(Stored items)
- - - -

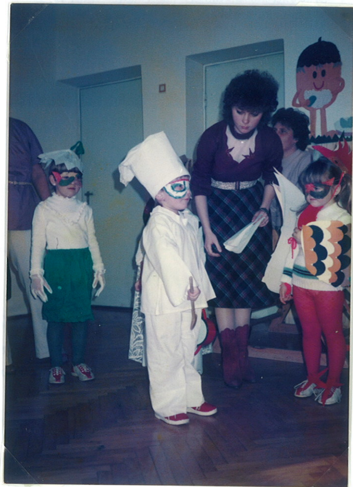
A farsangi bálon ötletes jelmezükbe öltöztek a gyerekek.
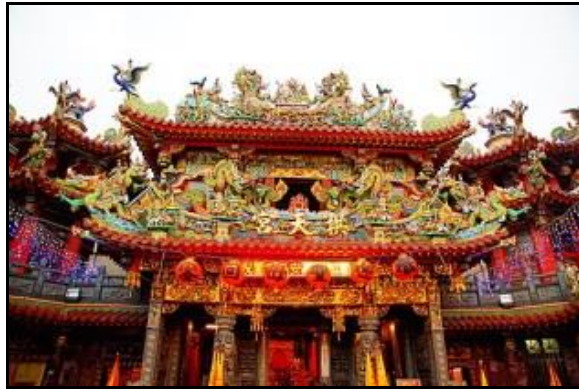
圖十：白沙屯拱天宮
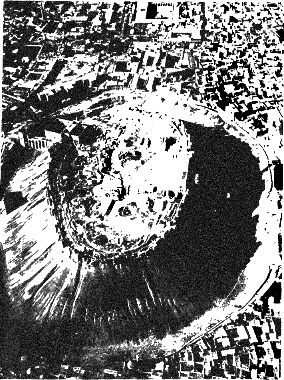
Alep: la citadelle (F Braudel, La Méditerranée . . , Paris (1977), p. 191, no 350).
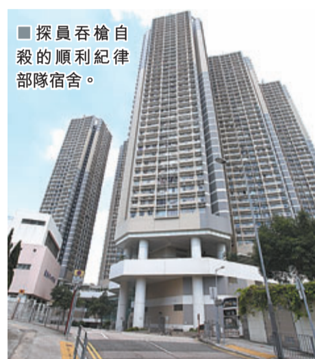
探員吞槍自殺的順利紀律部隊宿舍。
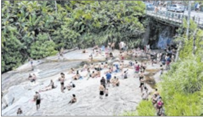
O município recebeu um grande número de visitantes
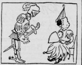
„Schöne Waise, würden Sie gestatten, daß ich mit erstaube, mit Ihnen eine feste Sohle auf das Parkett des Hauses niederzuliegen.“
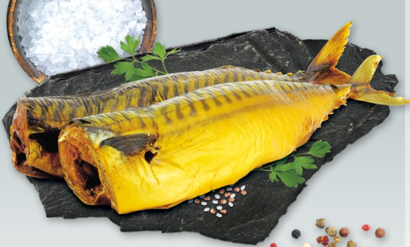
MAKRELA TUSZA WĘDZONA DUŻA 374299
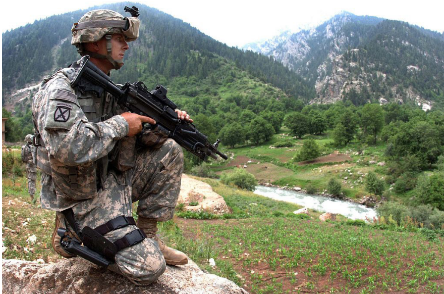
阿富汗战场上身穿 ACU 的士兵
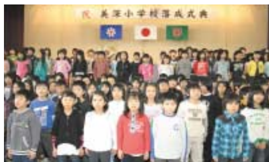
▲全児童による校歌斉唱も行われた落成式典
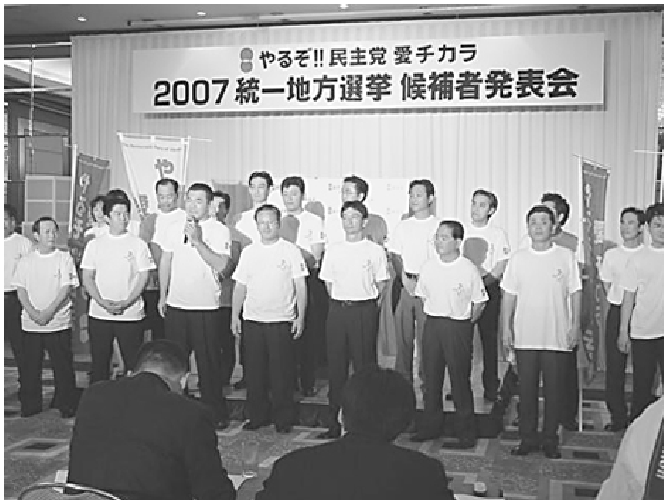
記者会見で自己紹介をする県・名古屋市会候補予定者たち

10月14日、市内ホテルにて統一地方選「第4次候補」発表と新人候補予定者36名で組織する勉強会「新風あゆち」の記者発表が行われ同時に、知事選、統一地方選、参議院選の総合対策本部(本部長:近藤昭一県連代表)の立ち上げ発表が行われた。
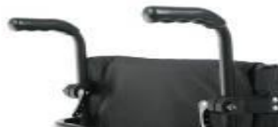
Rączki do prowadzenia z regulacją wysokości
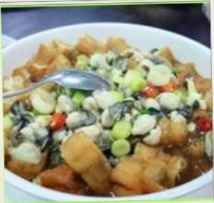
ถนนโบราณสี้อเฟิ่น
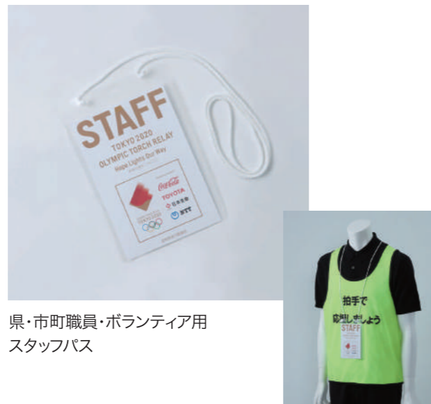
県・市町職員・ボランティア用 スタッフパス
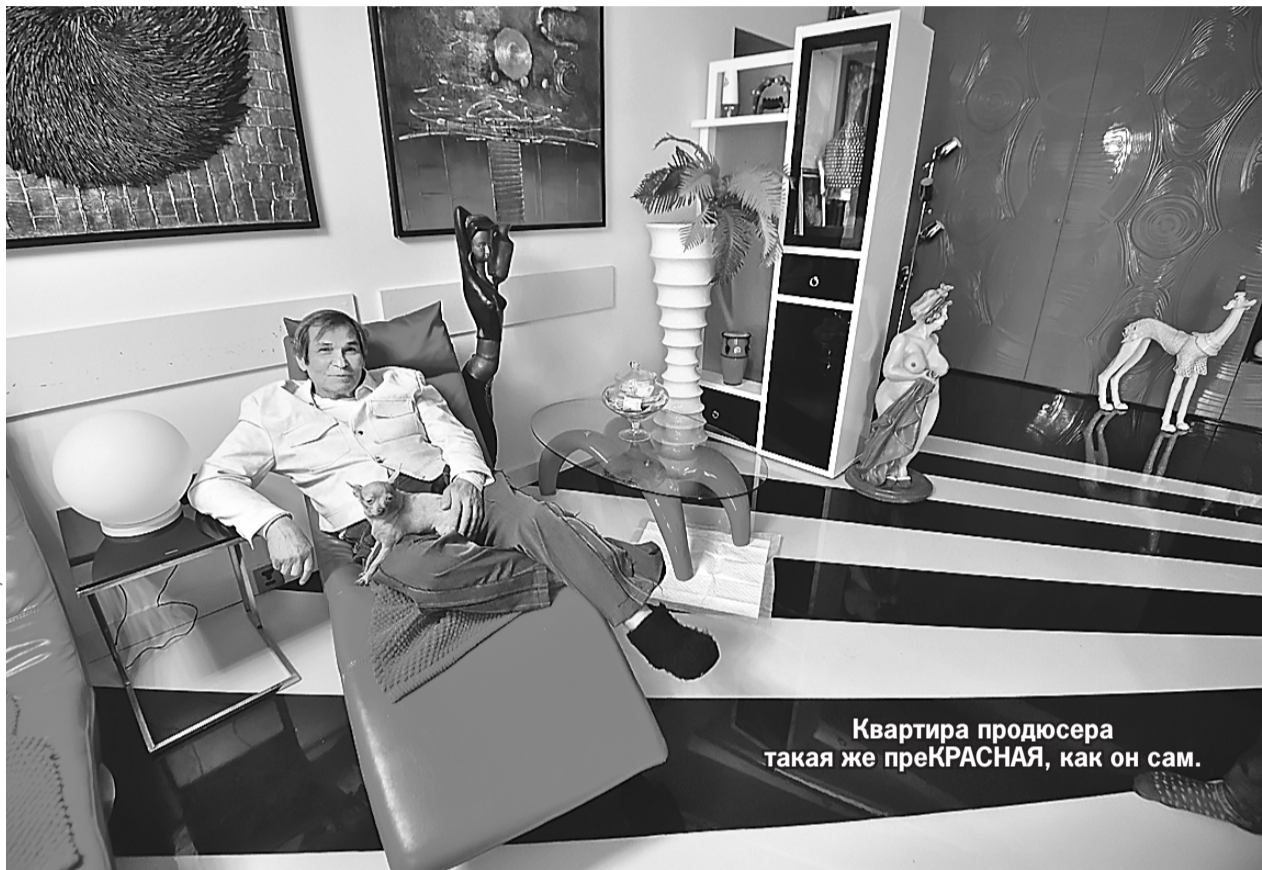
Квартира продюсера такая же прекрасная, как он сам.
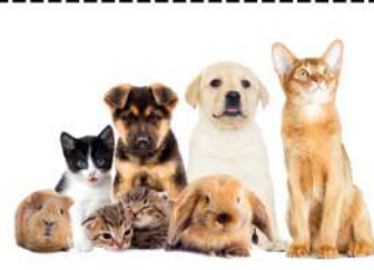
Jouer avec mon animal..
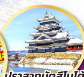
ปราสาทมัตสึโมโตะ

หมู่บ้านมรดกโลกชิราคาวาโกะ สนุกกับกิจกรรมลานสกี

- - - -

** Directions **
Your copy should hold only the lines from the line with "Квартира продюсера такая" through the end of the data above, both ends included, transcribed exactly and without pictures.

** Solution to the problem **
Квартира продюсера такая же прекрасная, как он сам.
Jouer avec mon animal..
ปราสาทมัตสึโมโตะ

หมู่บ้านมรดกโลกชิราคาวาโกะ สนุกกับกิจกรรมลานสกี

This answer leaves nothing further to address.